Professor, Dept. of English, Tripura University, (A Central University), Suryamaninagar, Agartala, Tripura, India. Orcid.org/0000-0002-5881-8468. Email: ashesgupta@tripurauniv.in

  Volume 1, Number 2, 2017 I Full Text PDF

DOI: 10.21659/cjad.12.v1n204

 Abstract

It all began with the shooting of a documentary on the ethnic musical instruments of Tripura (specifically a video snippet on the ‘sharinda’). The idea was to document and hence to preserve them from oblivion. And keeping in mind the simple logic that essence of any musical instrument is the musicality of tune and rhythm that it offers, audio-visual mode was the obvious choice for documentation, since after all a typographical text cannot reproduce sound. The very technicality of the video documentary necessitated a holistic and comprehensive understanding of the way in which the making, music, instrumentalist trinary in focus has to be shot and documented against the backdrop of the geographical features of the land and landscape of origin, with the audio track reproducing to precision the nuances of the sound reinforced by the voice-over of the poetic texts that spoke about both the instrument and the landscape.

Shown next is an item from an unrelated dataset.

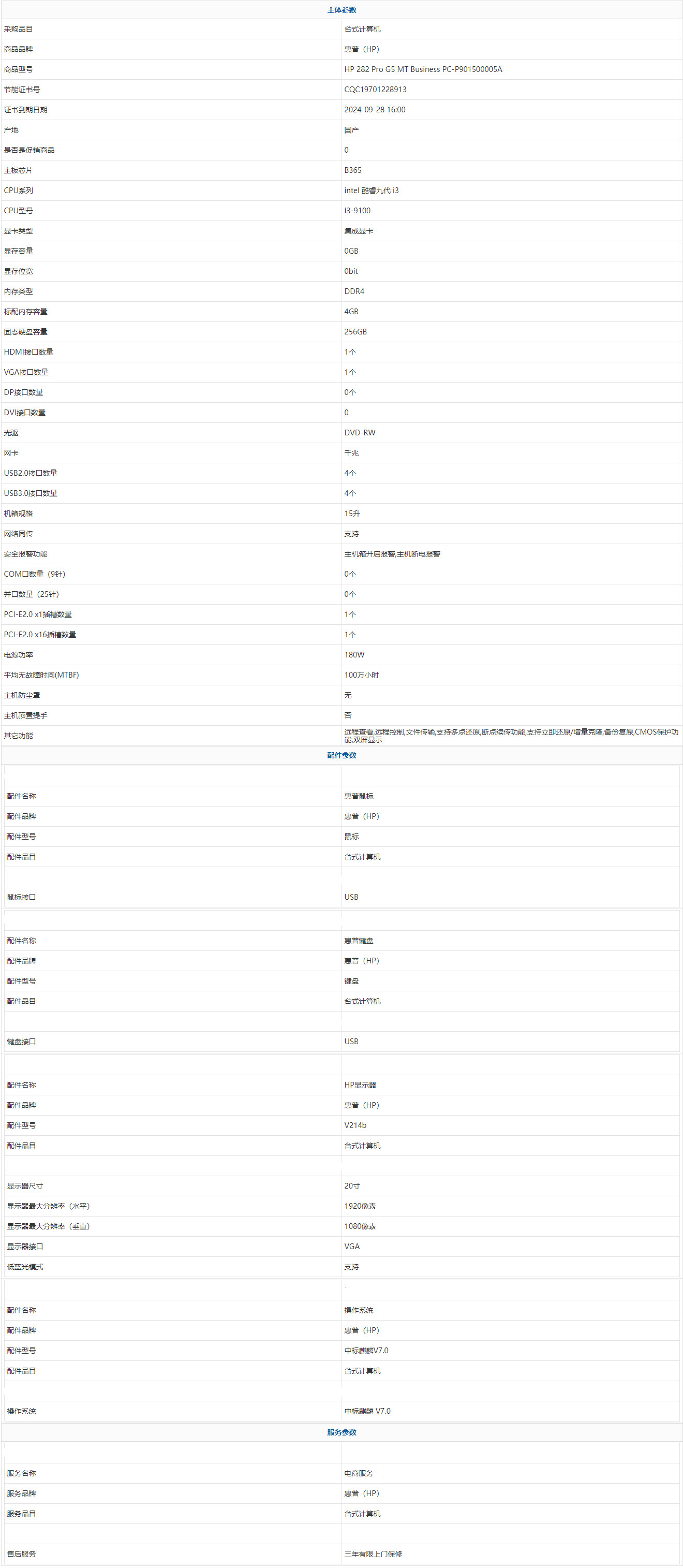 - 商品名稱(chēng):惠普(HP) HP 282 Pro G5 MT Business PC-P901500005A intel 酷睿九代 i3 i3-9100 4GB 256GB 中標(biāo)麒麟 V7.0 20寸 三年有限上門(mén)保修

The live cultural circuit (to borrow and modify Louise Rosenblatt’s proposition in ‘Literature as Exploration ‘(1938) that evolves out of this intellectual osmosis has been spoken of by several theoreticians, Henry Kreisel and Ashis Nandy being the most prominent. Henry Kreisel is of the view that all discussion to the literature produced in the Canadian West or the Canadian Prairie “must of necessity begin with the impact of the landscape upon the mind” (173). What is true of the Canadian Prairie literature is universally true for all literatures across the world and also for all cultural texts in their all-inclusive textuality including music and musical instruments. In the process of shooting and editing it was perceived that every instrument such as the sharinda is inextricably intertwined with the landscape and its physical details, often replicating the natural ecological sounds, utilizing ecofriendly material and reinforcing Ashis Nandy’s proposition: “Ours probably is the age of homopsychogeographicus.” (Nandy 1999  305; italics mine.)

This could be extended to the hypothesis that every cultural trace and space including literature and music are ultimately attempts at initiating a cartography of the mind, whose documentation should invariably facilitate an understanding of the ‘homopsychogeographicus’ of the self. This paper attempts to deal with the inevitable intellectual osmosis that facilitates interaction between geography (in the sense of landscape features) and the human psyche (homopsychogeographicus) to produce cultural products including ethnic musical instruments, literature etc. and the way in which they fuse with each other to make a documentary possible.